Availability Zones

Availability Zones are one of the most arbitrary designed domains in a cloud. In a large-scale cloud, they could be multiple data centers in the same geographical area, while in a smaller cloud they could be separate data halls in the same data center or separate racks in the same data hall.

Ultimately, because it has no set physical analogue, an Availability Zone becomes a fancy way of defining a failure domain. What this allows you to do in your cloud design is define an Availability Zone to best suit how you want your users to to separate resources for resilience against failures.

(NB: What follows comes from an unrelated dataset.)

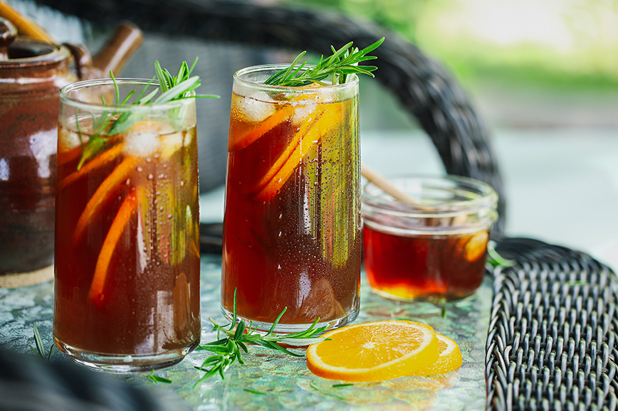 В айс ти добавить мёд и выжатый из апельсина сок. Разлить по стаканам и всыпать лёд. Украсить оставшимся розмарином.

Availability Zones are a logical abstraction for partitioning a cloud without knowing the physical infrastructure. They can be used to partition a cloud on arbitrary factors, such as location (country, data center, rack), network layout, or power source.

%%{ init: { "theme": "default",
            'themeVariables': {
            "fontSize": "20px"
             },
            "flowchart": { "curve": "basis", 
            "nodeSpacing": 80, 
            "rankSpacing": 160
             } } }%%
flowchart TD

%% Node Defs
    CLD(<div style="padding: 1em; font-weight:bold;">Cloud</div>)
    REG1(<div style="padding: 1em; font-weight:bold; box-shadow: 0px 0px 10px 5px #356ba280;">Region</div>)
    REG2(<div style="padding: 1em; font-weight:bold;">Region</div>)
    AZ11(<div style="padding: 1em; font-weight:bold;">Availability</BR>Zone</div>)
    AZ12(<div style="padding: 1em; font-weight:bold;">Availability</BR>Zone</div>)
    AZ21(<div style="padding: 1em; font-weight:bold;">Availability</BR>Zone</div>)
    AZ22(<div style="padding: 1em; font-weight:bold;">Availability</BR>Zone</div>)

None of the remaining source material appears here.